This directory contains example usage for the Cortex Search REST API
via the snowflake.core
python package. snowflake.core
supports
authentication and connection to a Snowflake account through several
different mechanisms, a few of which are outlined in the examples.
Notably, the Cortex Search API is only available in versions of
snowflake.core >= 0.8.0
.
Before you can run the examples, ensure you have the following prerequisites installed:
- Python 3.11
- pip (Python package installer)
Additionally, you must have access to a Snowflake account and the required permissions to query the Cortex Search Service at the specified database and schema.
First, clone this repository to your local machine using git and navigate to this directory:
git clone https://github.com/snowflake-labs/cortex-search.git
cd cortex-search/examples/python_sdk
Install the necessary Python dependencies by running:
pip install -r requirements.txt
simple.py
collects connection parameters from your shell
environment. These can be set like so (note: we recommend setting the
SNOWFLAKE_ACCOUNT
using the account locator, rather than the
org-account
format):
export SNOWFLAKE_ACCOUNT=AID123456
export SNOWFLAKE_USER=myself
export SNOWFLAKE_PASSWORD=pass123...
export SNOWFLAKE_ROLE=my_role
export SNOWFLAKE_DATABASE=my_db
export SNOWFLAKE_SCHEMA=my_schema
export SNOWFLAKE_CORTEX_SEARCH_SERVICE=my_service
However, you may also simply replace each os.environ[".."]
with hardcoded values, if you wish.
Then, after modifying the search parameters to your liking, run the example to generate results:
python simple.py
To set up a connections.toml
file to store aliased Snowflake
connections and all the parameters needed to connect, see the
snowflake connector docs
An example is found under example_connections.toml
, but make sure to
name yours connections.toml
and ensure it is located at a valid
system-dependent path as specified in the Snowflake connector docs.

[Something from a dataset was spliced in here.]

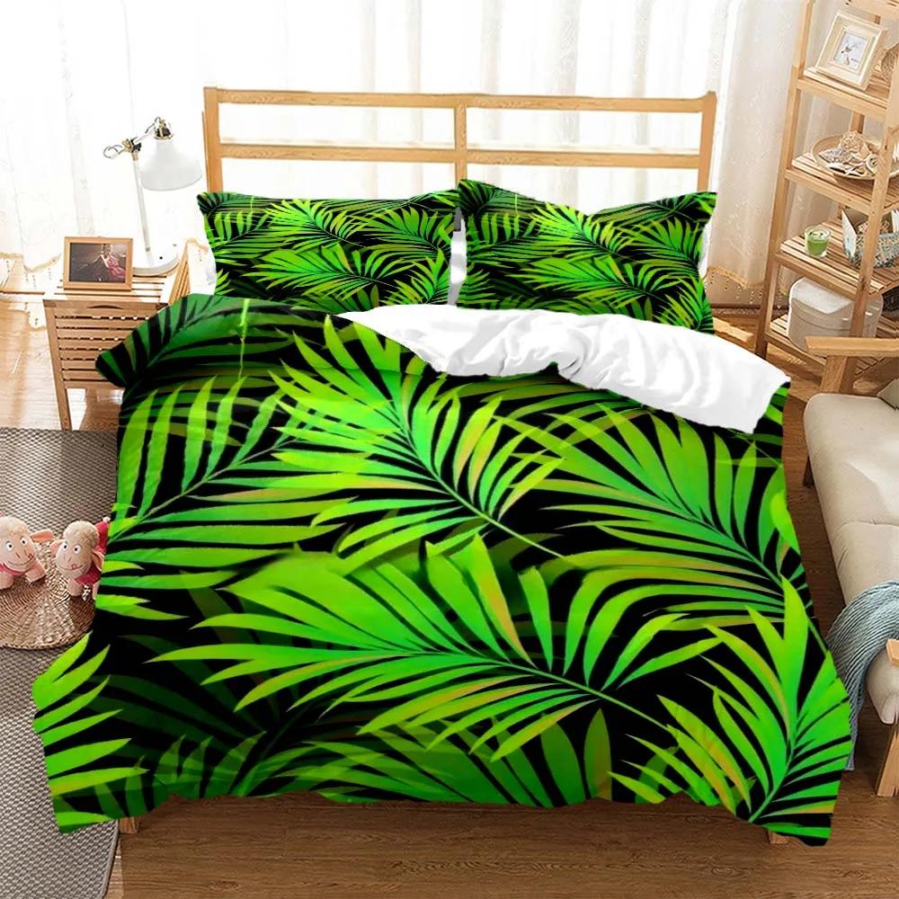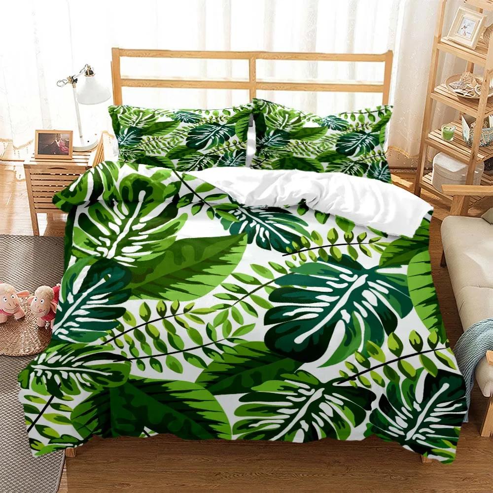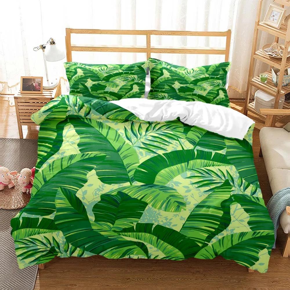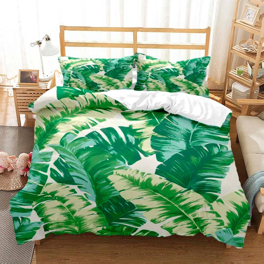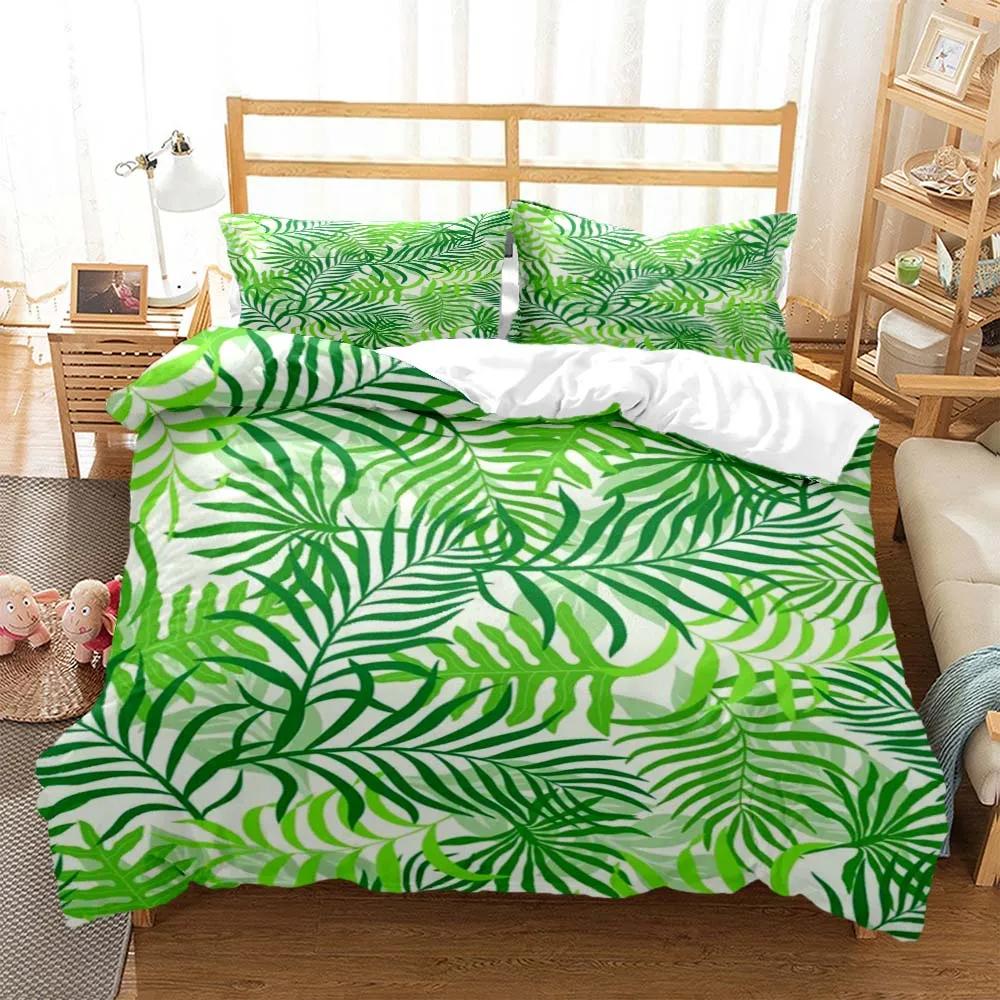 Минималистичный принт свежих зеленых листьев Пододеяльник Наволочка Комплект постельного белья размера Queen Комплект постельного белья Роскошный Настраиваемый Комплект постельного белья

Then, export your Cortex Search Service name (assuming the database and schema are already in your connection parameters):
export SNOWFLAKE_CORTEX_SEARCH_SERVICE=my_service
You can then run the using_connections_config.py
file to print search results:
python using_connections_config.py
concurrent-example.py
is an example for running concurrent search
requests on your cortex search service along with throttling the
request rate when the server is busy.
This example collects default connection parameters from a file. Add the
following lines to a file named .env
in the current directory:
SNOWFLAKE_ACCOUNT=AID123456
SNOWFLAKE_USER=myself
SNOWFLAKE_AUTHENTICATOR=
SNOWFLAKE_PASSWORD=
SNOWFLAKE_ROLE=my_role
SNOWFLAKE_DATABASE=my_db
SNOWFLAKE_SCHEMA=my_schema
SNOWFLAKE_CORTEX_SEARCH_SERVICE=my_service
Add the queries you want to run concurrently to a file named
queries
, also in the current directory, one query per line:
riding shotgun
hello
what's going on
pet sounds
blue
songs in the key of life
You can then run concurrent-example.py
file to print search results:
python concurrent-example.py --columns col1 col2
You can override the connection parameters specified in .env
file with command line parameters. Try:
python concurrent-example.py -h
to enumerate the list of command line options.